The MXIBS was established when Black students demanded cultural recognition. It is now housed in a $2 million, two-story building. Among other things, students mentor and tutor youths in Crawfordsville. While the institute has long provided space for ethnic revelry and fellowship, Lake, who became director in 2006, believes student cultural centers “cannot only celebrate ourselves but also be places of inquiry and knowledge production.”
To that end, he has launched an academic journal called Letter X, which he hopes will publish annually beginning this year, featuring writings about the Black experience from Wabash faculty and students and from elsewhere in the country. The 2008 inaugural edition of Letter X included articles examining the environmental impact of colonialism on Kenya and how and why African-American literature has historically dealt so heavily with protest.

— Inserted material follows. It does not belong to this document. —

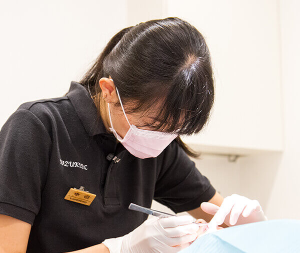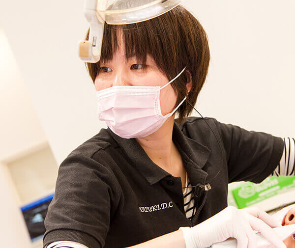 9:00患者様のお出迎え、お会計、次回のご予約を取ることが業務内容です。電話対応もします。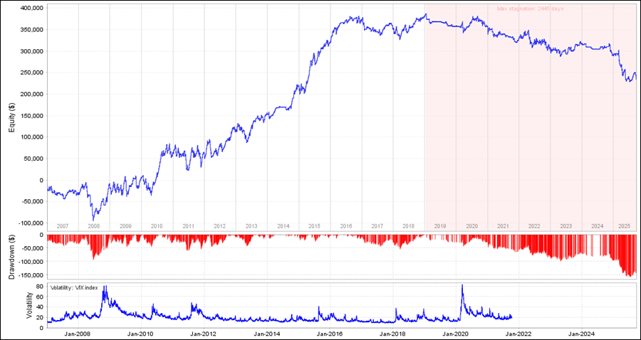 • BandCross3 EURUSDをQuantAnalyzerで見てみると、2017年から停滞しています。

In 2008, Lake and the MXIBS also launched a lecture series named after John W. Evans, the first Black man to graduate from Wabash. The inaugural address coincided with the centennial anniversary of Evans’ graduation. As with Letter X, Lake also aims for a lecture to take place annually on campus.
Future research projects like the public markers undertaking fuel Lake’s hopes of turning MXIBS into a destination for out-of-state scholars wanting to study the impact of African-Americans on the Midwest and the Midwest on them.
A native of Fort Wayne, Ind., Lake teaches courses in English, philosophy and rhetoric. Before joining Wabash, he had been an administrator at Manchester College’s Black cultural center.